L’opera di attardi vive in un nobile mondo  sconosciuto ai più, essa è ricca di tensione che si regge su un impercettibile filo, sempre in equilibrio e sicuramente indenne dalla banalità  che sempre è in agguato.

Gentile fino al parossismo verso gli uomini e le donne che gli si sono fatti incontro, attento in sommo grado verso il mondo che lo circondava, prodigo in molteplici forme. E questo solo a dire dell’uomo, di cui ho avuto fortuna e vanto ,d’essere amico.

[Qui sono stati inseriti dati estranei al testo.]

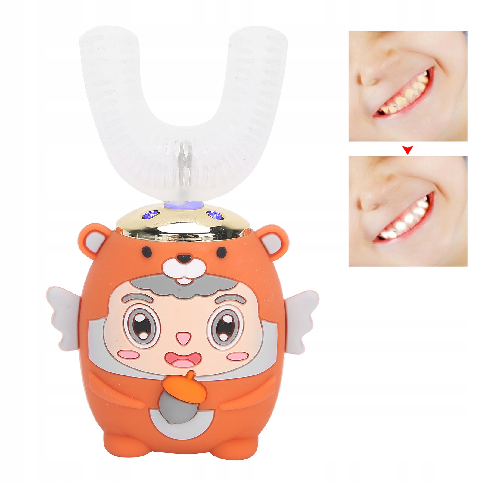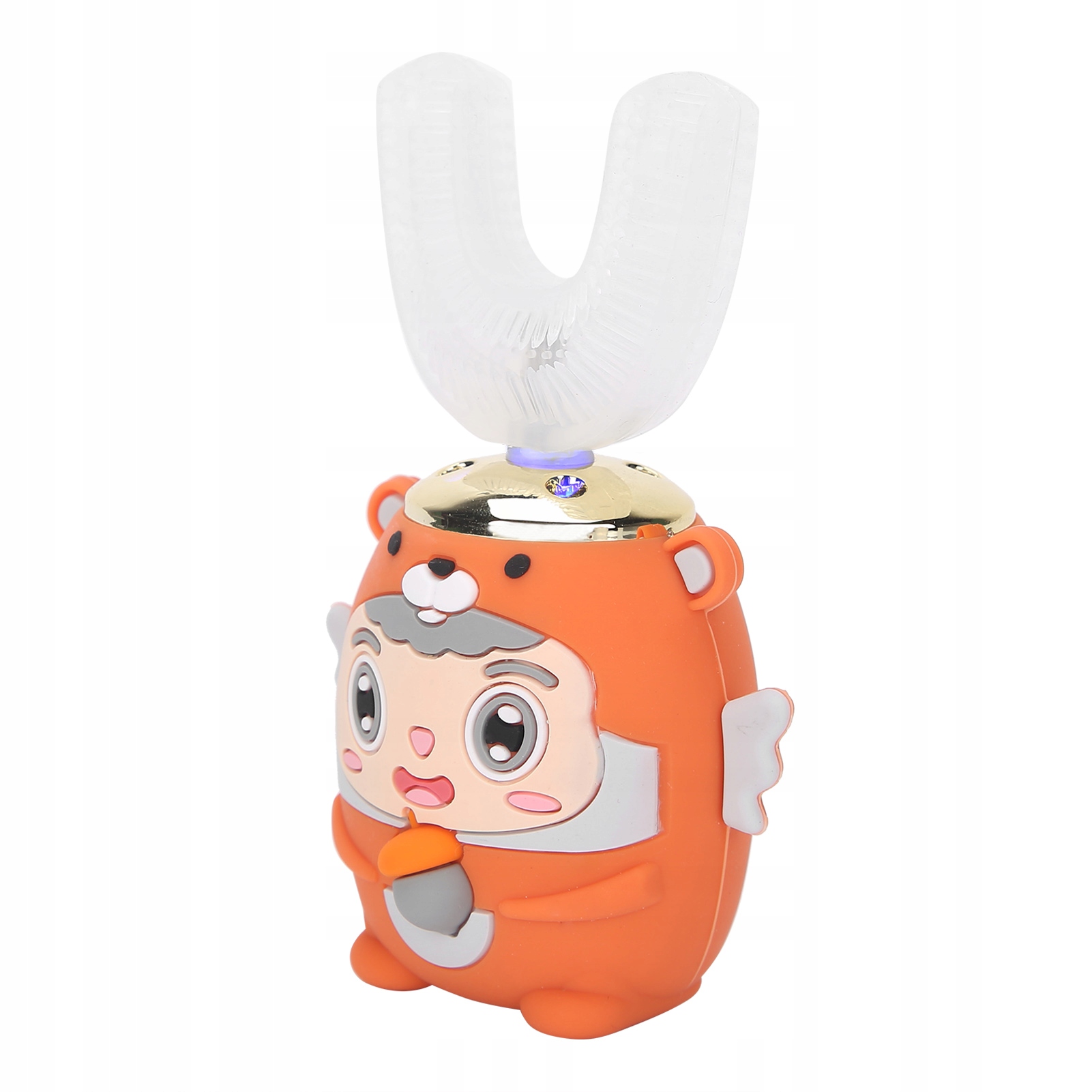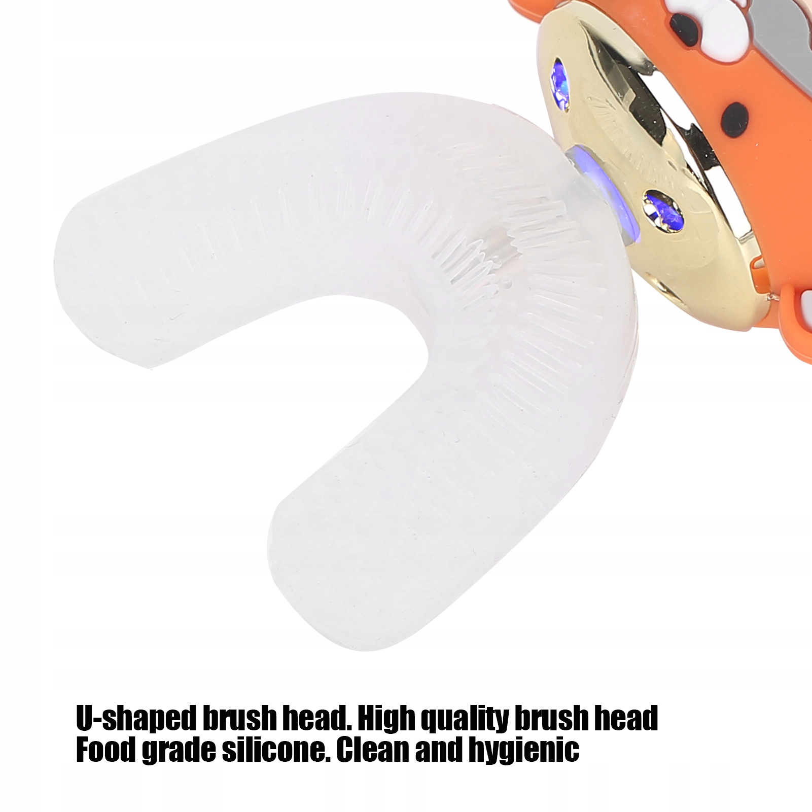 1. Główka szczoteczki do zębów w kształcie litery U, dopasowana i czysta pod kątem 360 stopni, dopasowuje się do budowy jamy ustnej człowieka, otacza zęby i skutecznie czyści.

La sua rimane, in un mondo distratto costantemente dall’inessenziale, una delle ultime pitture radicali. La radice delle cose, nella sua forza fenomenica, si impone .E allora all’uomo rimane poco, per dover essere innovativo. All’uomo spetta il saper pensare l’Identico(la fuga dall’essere è il male, diceva qualcuno…) nelle forma specifiche del suo farsi mondo.

Puerili, e selvaggi, come ragazzini, si diventa quando si brama la novità per la novità (novitatum preumptio),che era ancora ,nel nostro seicento ,un peccato; Platone dice nel Timeo che l’eccesso di sensazioni impedisce i movimenti propri e intellettuali della psiche , “non si volge chi a stelle è fisso…”.

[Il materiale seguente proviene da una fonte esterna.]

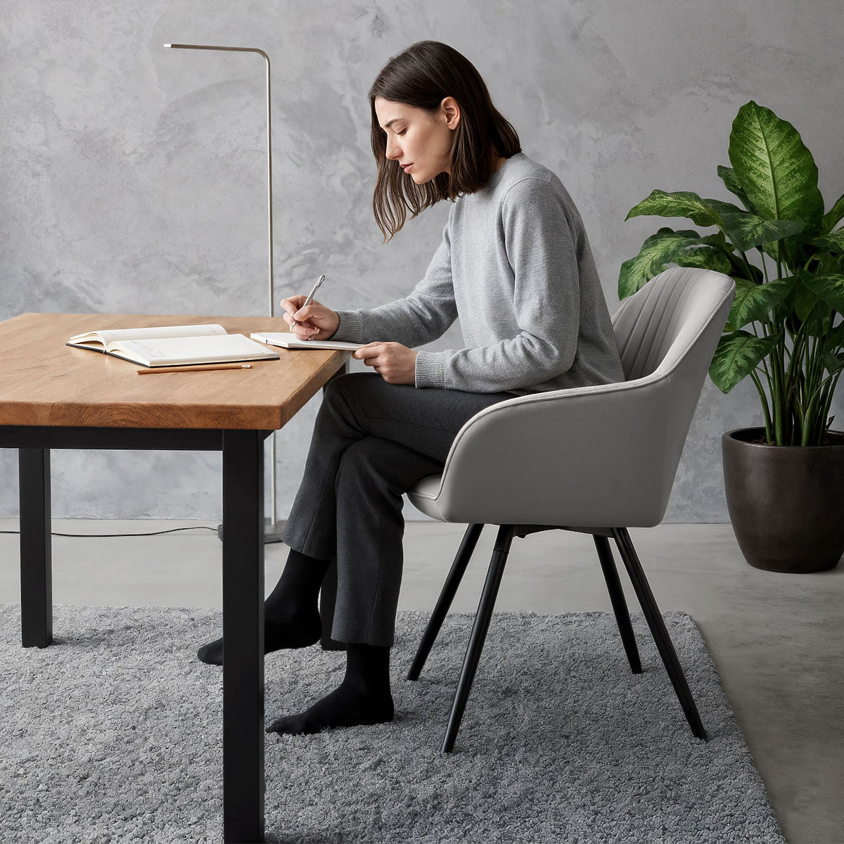 Swivel Chair TURNO is designed for lovers of modern, smart, and practical solutions. The chair rotates 360°, ensuring exceptional comfort during use. It is especially effective in small spaces - there's no need to move it away, meaning it takes up less space than a regular chair. Comfort while sitting is ensured by elegant velvet upholstery with vertical stitching and high-density foam filling. The TURNO swivel chair perfectly fits interiors in industrial, modern, or mid-century modern styles.

Allora soli si intraprende il cammino. Attardi questo ha saputo fare con l’Arte sua: omaggiare le forme che sempre agitano l’uomo, riconoscerne la loro forza ed il loro diritto ad essere. Allora il male viene domano ed è possibile per l’uomo, una piccola pace. Il demonio può persuadere, non costringere. E tutto questo solo, in un mondo che correva  nell’altra direzione.

Attardi ha rappresentato il mondo che noi tutti, sempre abitiamo, che riconosciamo a stento, e da cui spesso cerchiamo la fuga .

Provo sempre dentro di me un fortissimo sentimento di dolore, amore e gratitudine.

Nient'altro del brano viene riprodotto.